While grade 3–4 pneumonitis was relatively common occurring in 3.4% of the patients treated with durvalumab in stage III NSCLC, it was reported in only 1% of the advanced NSCLC patients treated with durvalumab in the ATLANTIC study [1, 8]. These data suggest that the incidence of pneumonitis is higher for stage III patients receiving anti-PD-L1 as consolidation treatment after chemoradiation. Potential explanations for this difference include sequential administration of radiotherapy and ICI [9] and the lower tumor load in stage III disease [10].

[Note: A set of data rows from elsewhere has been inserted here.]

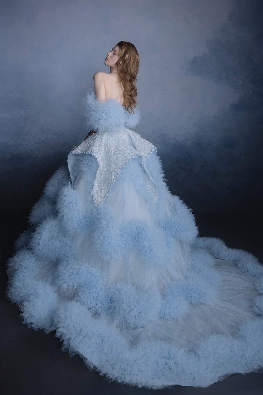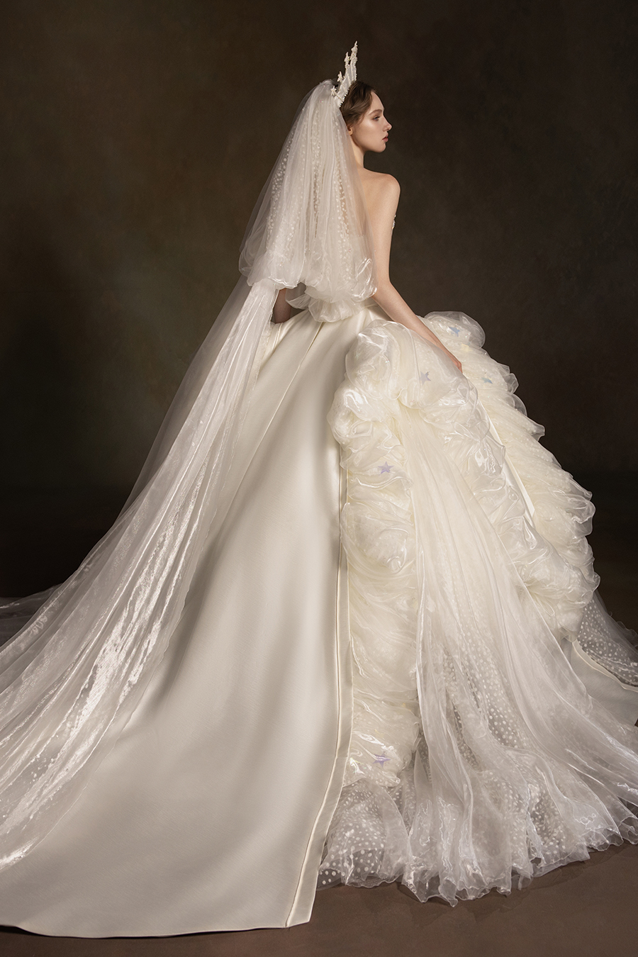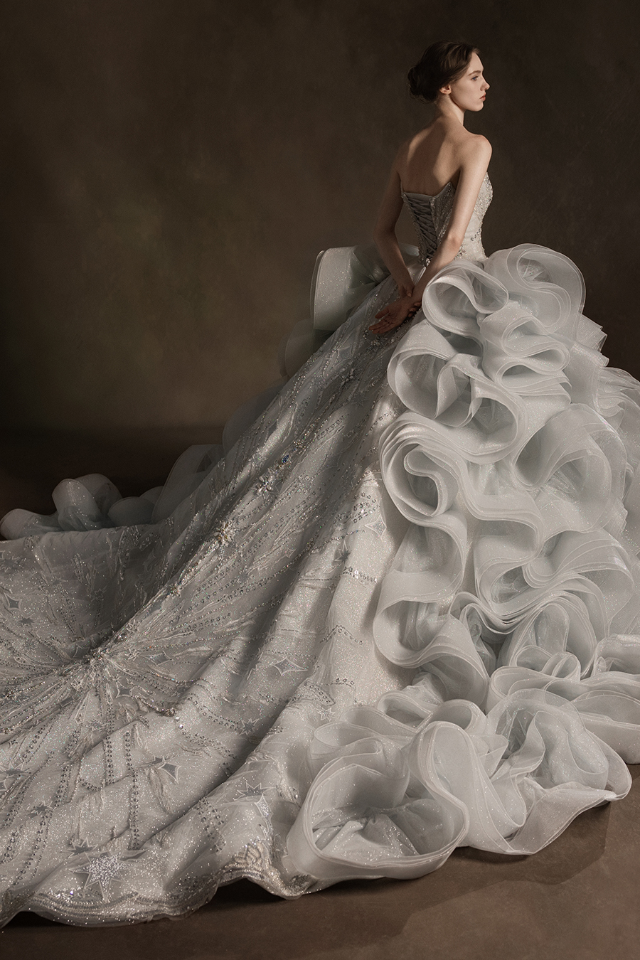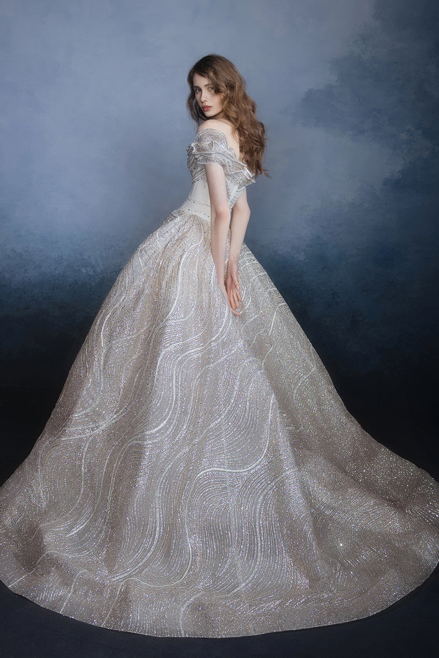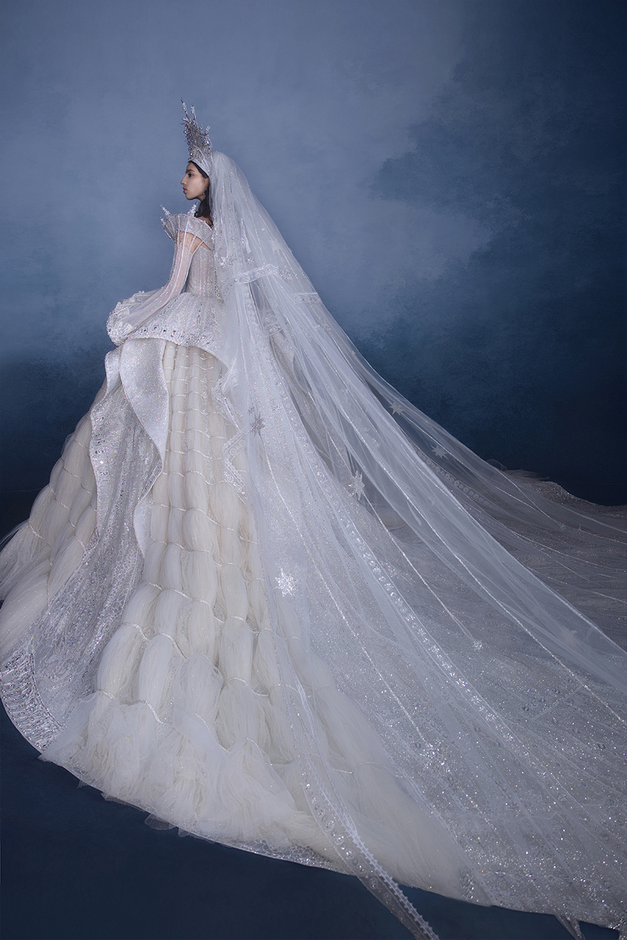 The brilliance of the stars falls from distant light years, unfolding like a swirling scroll, as time and space are immersed ingentle mystery. A light touch of the fingertips makes the stars twinkle, the Milky Way pours down, overflowing withromance. Every ray of light is a whisper from the stars, guiding us to encounter the breathtaking fusion of the universe,dreams, and romance, where we feel the real and profound allure of the starry sky.The Bridal By The Atelier 2025 Fall/Winter collection draws inspiration from the grandeur of Russian architecture and the dreamlike intertwining of stars. As the aurora described by Leo Tolstoy sweeps across the Neva River, the artisans are stitching this celestial phenomenon into the texture of the wedding gown. They skilfully capture the whispers of the galaxy,using fabric as a medium to replicate the beauty of celestial bodies, creating a dreamlike gown that dances with the stars.A variety of figurative decorative patterns are woven throughout the collection’s designs, such as “lightly drifting in the direction of star trails” and “ancient Russian architecture.” The designer skilfully employs techniques like pintucking, rhinestone application, pleating, and machine embroidery, deconstructing and recombining these elements to create magical artistic effects. Ice-blue aurora rhinestones and scattered star-like beadwork add a dazzling brilliance. Each gown is crafted with exceptional artistry, transforming the bride into the dreamy protagonist of the starry sky, radiating unique romance and embodying The Atelier’s signature celestial romanticism.roll, as time and space are immersed in gentle mystery. A light touch of the fingertips makes the stars twinkle, the Milky Way pours down, overflowing with romance. Every ray of light is a whisper from the stars, guiding us to encounter the breathtaking fusion of the universe, dreams, and romance, where we feel the real and profound allure of the starry sky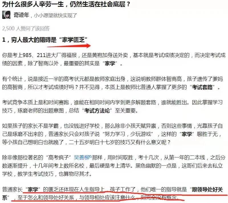 在知乎上看到一个问题:为什么很多人辛劳一生,仍然生活在社会底层。里面有一个回答的其中一条说到,家学的匮乏是最大的阻碍,这让我想了很久。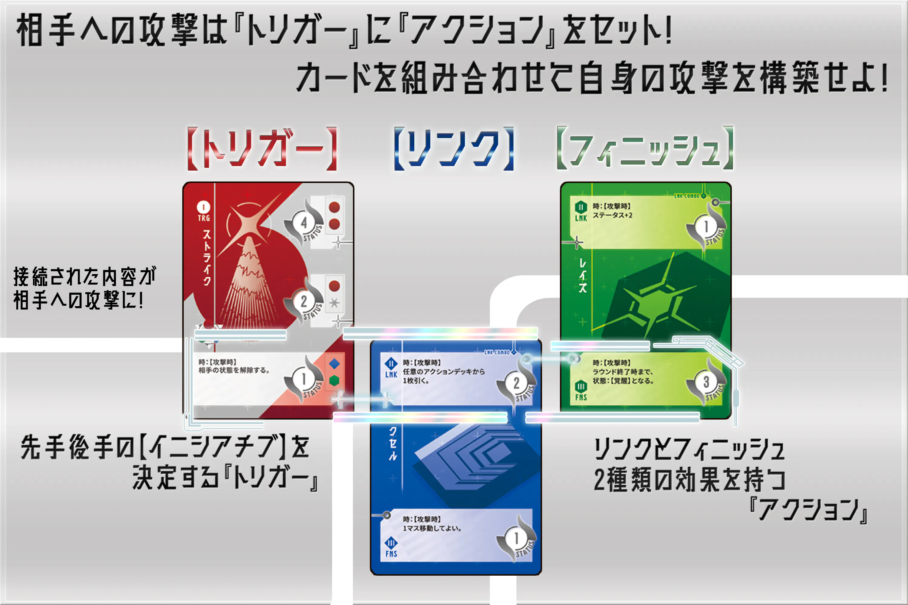 ゲームシステムは『3×3の盤面』を巡り、『3種の攻撃用のカードを組み合わせて攻撃し合う』、『プレイヤー個人のターンが存在しない』対戦ゲームとなっております。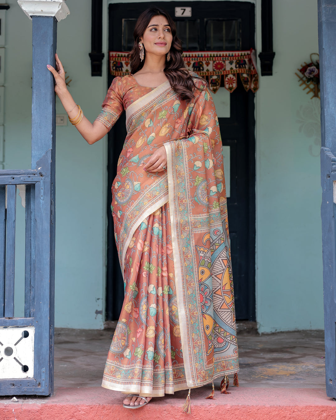 Terracotta Peach Handloom Cotton Saree with Multicolor Floral Vines & Kalamkari-Inspired Pallu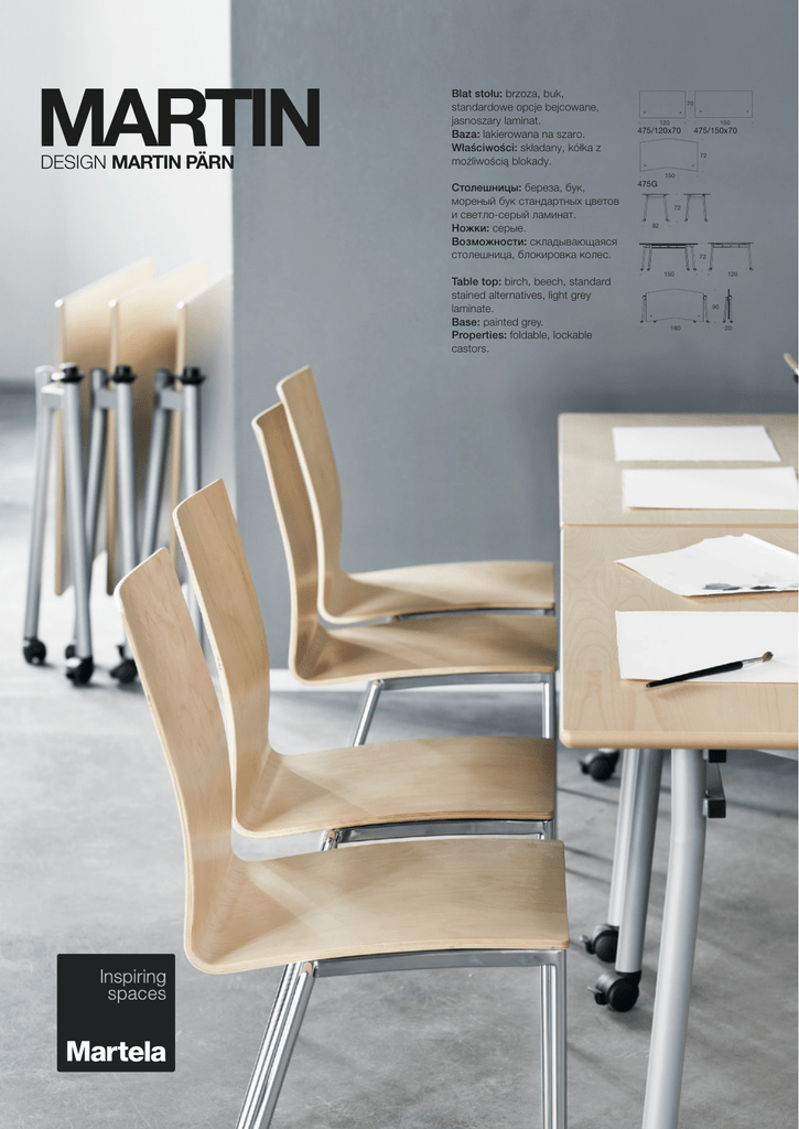 MARTIN DESIGN MARTIN PÄRN Blat stołu: brzoza, buk, standardowe opcje bejcowane, jasnoszary laminat. Baza: lakierowana na szaro. Właściwości: składany, kółka z możliwością blokady. Столешницы: береза, бук, мореный бук стандартных цветов и светло-серый ламинат. Ножки: серые. Возможности: складывающаяся столешница, блокировка колес. Table top: birch, beech, standard stained alternatives, light grey laminate. Base: painted grey. Properties: foldable, lockable castors. 70 120 475/120x70 150 475/150x70 72 475G 150 72 82 72 120 150 90 180 20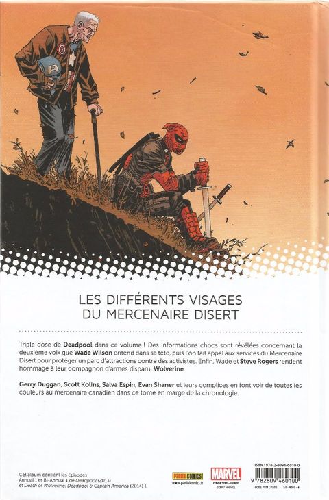 Cet album vaut principalement pour 2 histoires sur 3. La première est fondatrice de Deadpool et nous explique d' où lui venait la voix dans sa tête lors des premières saisons. La seconde est un pur délire d'auteur pour l'occasion d'un annual: dispensable. La dernière rend hommage à Wolverine, mort récemment. Aucun impact (...) Voir le commentaire

This case of acute-onset severe pneumonitis during durvalumab infusion illustrates that clinicians should remain cautious of ICI-induced pneumonitis occurring at any time during and after treatment, especially following chemoradiation.
Statement of Ethics
The patient has declared no objection to anonymous use and publication of clinical data. This research was conducted ethically in accordance with the World Medical Association Declaration of Helsinki.
Disclosure Statement
ET: None.
AL: Consulting/advisory relationship/Honoraria received (paid to institution): Roche, Astra-Zeneca.
JV: None.
KS: Consulting/advisory relationship/Honoraria received (paid to institution): Bristol-Myers Squibb, MSD, Novartis, Roche, Pierre Fabre.
Funding Sources
No funding obtained for this study.
Author Contributions
ET, JV, AvL and KS collected and interpreted the clinical data acquisited and have prepared and revised the manuscript. All authors read and approved the final manuscript.